第19話 手の魔女 8
「ああ。しかし、オレは単なる偶然の一致だと信じたい。先史文明の知識は先代の聖女に教わったもので、目は病気で失ったと言っていた。だから、彼女が本当に目の魔女かどうかを確かめる必要がある」
「その必要はないほどに明白だ」
「……いずれにせよ、肖像画を描いてくれと依頼されているのだから、彼女の希望通りに彼女に会いに行く。それ以外に選択はない。そうだろう」
「ああ。目の魔女を倒すためには、直接コハクと会って私が触れるしかない。だから会うことについて異存はない」
「彼女は目の魔女でもコハクでもない。アコニットだ。……少なくとも、今のところは」
アコニットを擁護するヨーケルを見て、さすがの手の魔女も彼が哀れに思えた。
「……お前の言うとおり、ただの偶然でアコニットが無関係だと仮定すると、世間に動く義手のことがバレることになるが、それについては構わないのか」
「やはり、偶然の可能性もあるのか」
一瞬、ヨーケルの瞳に光が戻る。
「……いや、ただの仮定の話だ」
「……この義手については、むしろアコニットになら知ってほしい。手の魔女についても誰にも喋らないだろうし、彼女ならオレの味方になってくれるはずだ」
「そうか。期待させるようなことを言ってすまなかった。準備をしよう」
「ああ。画材を用意してくる」
「それはあとでいい。それよりもコハクの不可視の刃に対する備えが必要だ」
「ふむ」
「不可視の刃の正体は、戦術高エネルギーレーザーと呼ばれる光だ。対策としては、鏡による反射と煙幕によってある程度は防ぐことができる。しかし、そもそも相手に使わせないのが上策だ。
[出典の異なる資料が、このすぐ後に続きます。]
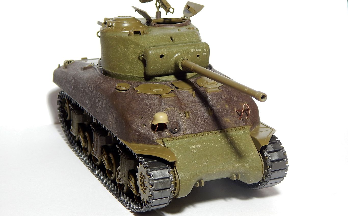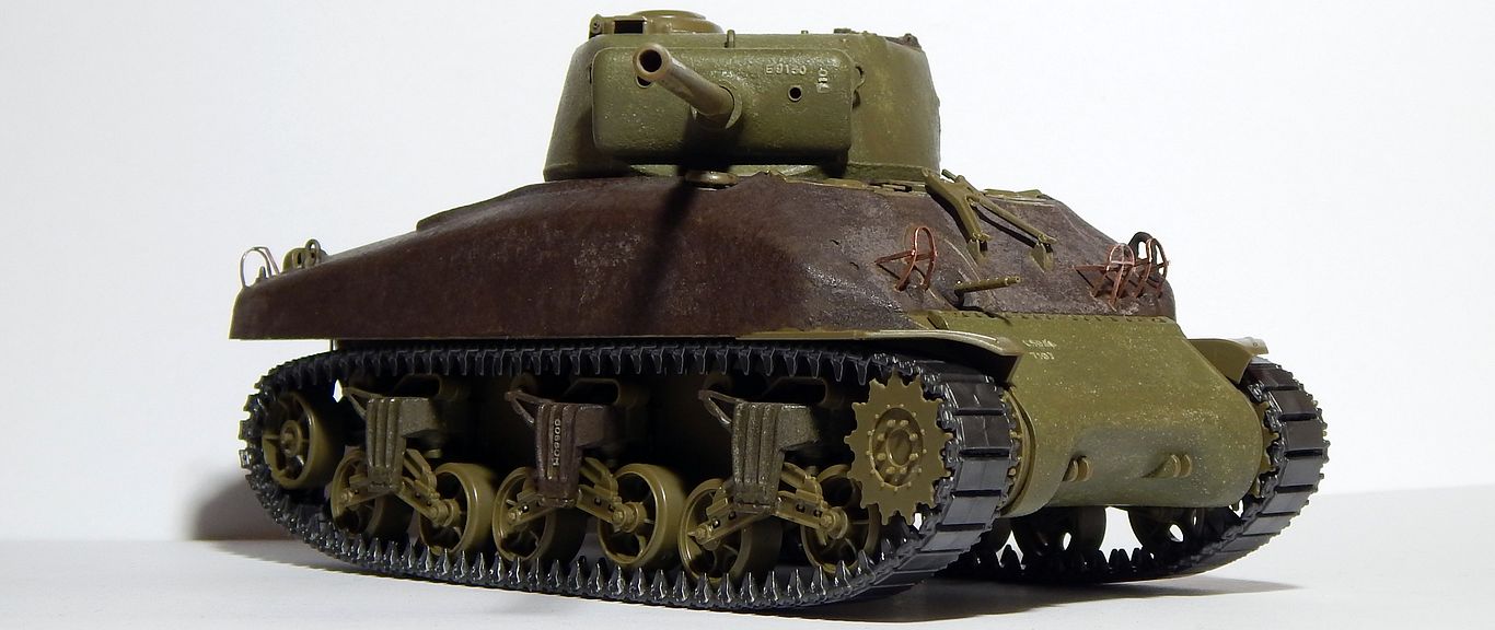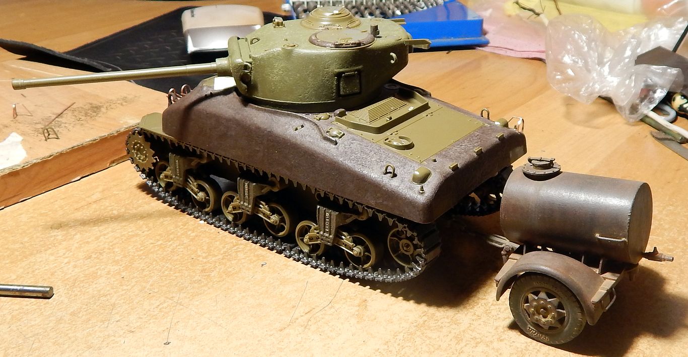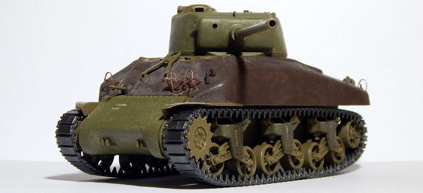 Кстати, небольшое совпадение... Я у своего Шермана ограждение фар тоже менял на самодельные из проволоки. Смотрится намного правдоподобней!

コハクはこちらが手の魔女かどうかを確認するはずだ。いきなり攻撃してくることはないと予想される。こちらとしては『先の先』を取れる有利な状況だ。さりげなく相手をこちらの間合いに入れ、先手を取って勝つ。これが最善だと思う」
「ああ……」
「どうした」
「相手が魔女かどうかを確認する必要があるのは、こちらも同じだ。相手の出方を見たい」
「むざむざ優位性を捨てるつもりか」
「向こうが本当に目の魔女でこちらを疑っているのなら、こちらの間合いには入ってこないと思う。むしろ、間合いに入れようとする行為自体が相手に確信を与えることになりかねない。オレは演技ができない。すぐに感づかれるさ」
「ふむ。一理ある」
「だから、あえて相手に初撃を出させる。それから相手が体勢を整えるまでの間に『後の先』を取る」
「正気か。不可視の刃は見えないし、そもそもお前の片目だけでは相手との距離感さえ掴めないだろう。躱すことはできないぞ」
「だが策はある。相手が狙ってくる場所を誘導し、反射して防ぐ。そして相手の懐に潜り込む」
「肉を斬らせて骨を斬る、か。そこまでの覚悟があるのなら、私も命を賭けよう。可塑性導電インターフェースを持って行った方がいい。あれには止血作用の他に鎮痛作用もあるから、斬られても応急措置ができる」
「アレにはそんな効果もあるのか。保管室なら他に使えそうなものがあるかもしれない。とりあえず反射鏡や煙幕になりそうなものを探してみよう」
「ああ、まずは何があるのか調べてみるとするか」
目的を持って倉庫を入念に調べると、グルタルの知識の助けもあって実に様々なものを発見することができた。切れ味の鋭い金属の刃、負傷した肉体組織に同化してたちまち傷を治す人工皮膚、煙幕弾などなど。さらに、鏡のような金属の平板があったので、それを磨き上げてから枠を取り付け、キャンバスで覆った偽装を施した簡易反射盾を用意した。